- The Washington Times - Tuesday, April 29, 2003

North Korea has offered to dismantle its nuclear weapons and missile programs in exchange for "considerable" concessions from the United States, Secretary of State Colin L. Powell said yesterday.
State Department spokesman Richard Boucher said later that the North Koreans laid out a long list of demands during talks last week in Beijing, where Pyongyang acknowledged for the first time that it had nuclear weapons. These were the first direct talks between the United States and North Korea in six months.
The demands list, which a senior State Department official called so extensive as to defy a "concise description," included resumption of free heavy-fuel oil shipments, security guarantees, and the normalization of relations with the United States.
"The North Koreans acknowledged a number of things that they were doing and, in effect, said these are now up for further discussion," Mr. Powell told reporters after a meeting with visiting Jordanian Foreign Minister Marwan Jamil Al-Muasher.
"They did put forward a plan that would ultimately deal with their nuclear capability and their missile activities," the secretary said. "But they, of course, expect something considerable in return."
He said the Bush administration was "studying" the North's proposal and "examining it with our friends and allies," including South Korea, Japan, Russia and Australia.
"It was useful to get it all out on the table and see where we go from here," he said of the April 23-25 talks in Beijing.
Today, North Korea said future nuclear talks with the United States would be useless if Washington sticks to its demand that Pyongyang disarm, without considering the North's offer to scrap its atomic arms for concessions.
"If the U.S. stance is left as it is, future talks would be a waste of time and it is as clear as fire that such talks would offer no help in resolving the nuclear problem," said Minju Joson, a newspaper published by the North Korean Cabinet.
Yesterday, Mr. Powell dismissed as "nonsense" reports that North Korea had informed the State Department on March 31 that it had begun reprocessing 8,000 spent fuel rods and that the rest of the Bush administration was kept in the dark about it.
"Our intelligence community still cannot give us any validation or confirmation of what North Korea has said at various times and in various places with respect to reprocessing," he said.
"What we were told on the 31st was shared within the administration. I'm not sure if everybody in the administration got it, but it isn't relevant because it didn't seem to be anything that was terribly new or different from what we had been told on a regular basis over the last several months. It was not, in our judgment, anything that was particularly new or newsworthy."
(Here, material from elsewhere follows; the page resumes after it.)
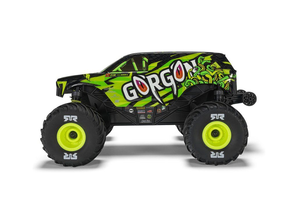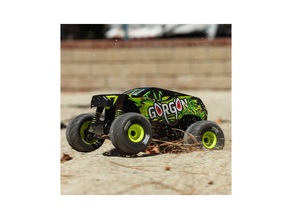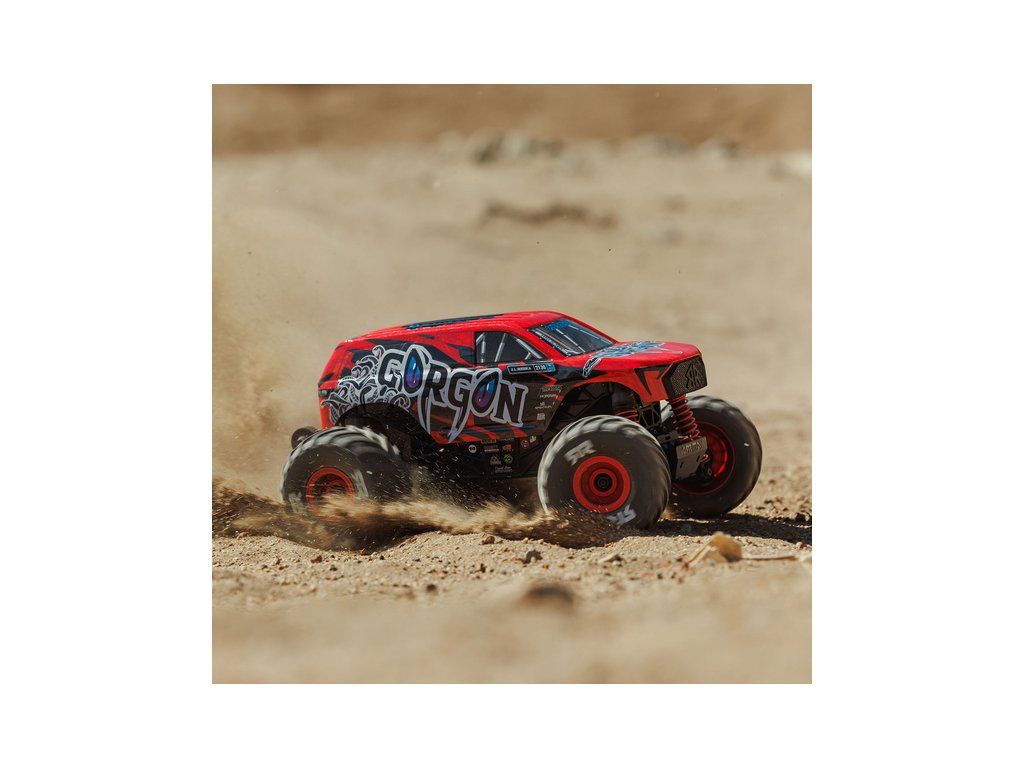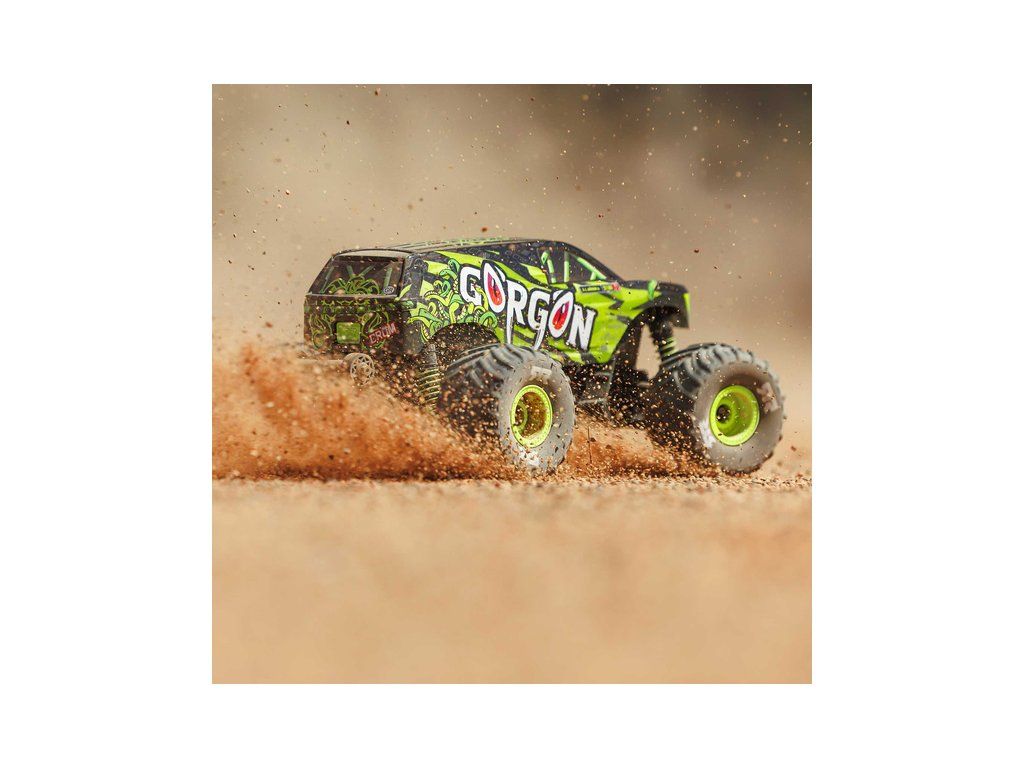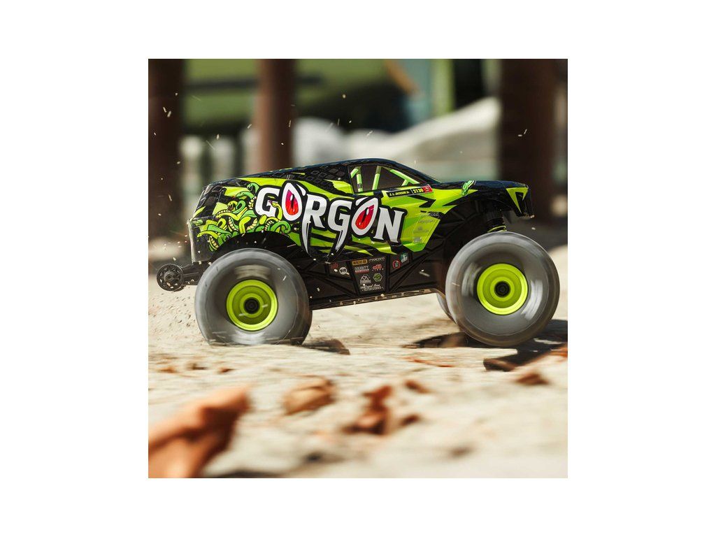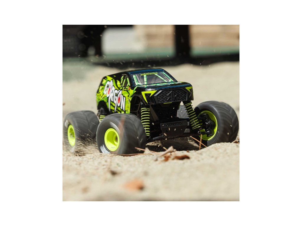 RC model auta Arrma Gorgon Grom v měřítku 1:16, s náhonem 4WD, funkcemi Smart a rychlostí až 30 km/h. Precizně zkonstruovaný malý zábavný model oblíbeného typu monster truck. Stylová karoserie, kompletně připraven k jízdě, včetně baterie a nabíječe.

On April 18, North Korea issued a statement saying: "As we have already declared, we are successfully reprocessing more than 8,000 spent fuel rods at the final phase."
The statement, which prompted some Bush administration officials to call for canceling the Beijing talks, led to confusion in Washington, where intelligence sources said there was no indication that reprocessing had actually begun.
The State Department blamed the confusion on a bad translation from Korean to English by the North's Korean Central News Agency. According to the department, the statement said Pyongyang was in the final stages of preparing to start reprocessing.
Three days later, the KCNA published a different and ungrammatical translation, saying: "As we have already declared, we are successfully going forward to reprocess work more than 8,000 spent fuel rods at the final phase."
Pyongyang's admission that it has nuclear weapons came on the first day of the Beijing talks. Some U.S. officials say the North fears that the quick military victory in Iraq might embolden Washington to use force against Pyongyang. North Korea, with Iran and prewar Iraq, constitute President Bush's "axis of evil."
U.S. intelligence agencies estimated years ago that North Korea had one or two nuclear weapons. But Pyongyang's admission is significant in terms of how the rest of the world views the North Korean threat, diplomats and arms-control analysts said.
The United States wanted South Korea and Japan to participate in the meetings with North Korea, but Pyongyang insisted on direct dialogue with Washington. The three-way meeting hosted by China was a compromise.
The head of the U.S. delegation, James Kelly, assistant secretary of state for East Asian and Pacific affairs, is the highest-ranking Bush administration official to visit Pyongyang. During a trip there in early October, he confronted the North with intelligence that it had developed a secret uranium-enrichment program, violating a 1994 nuclear deal known as the Agreed Framework.
The North, which then reportedly admitted to having the program, reopened its nuclear complex in December and expelled weapons inspectors from the United Nations. In January, it withdrew from the nuclear Non-Proliferation Treaty.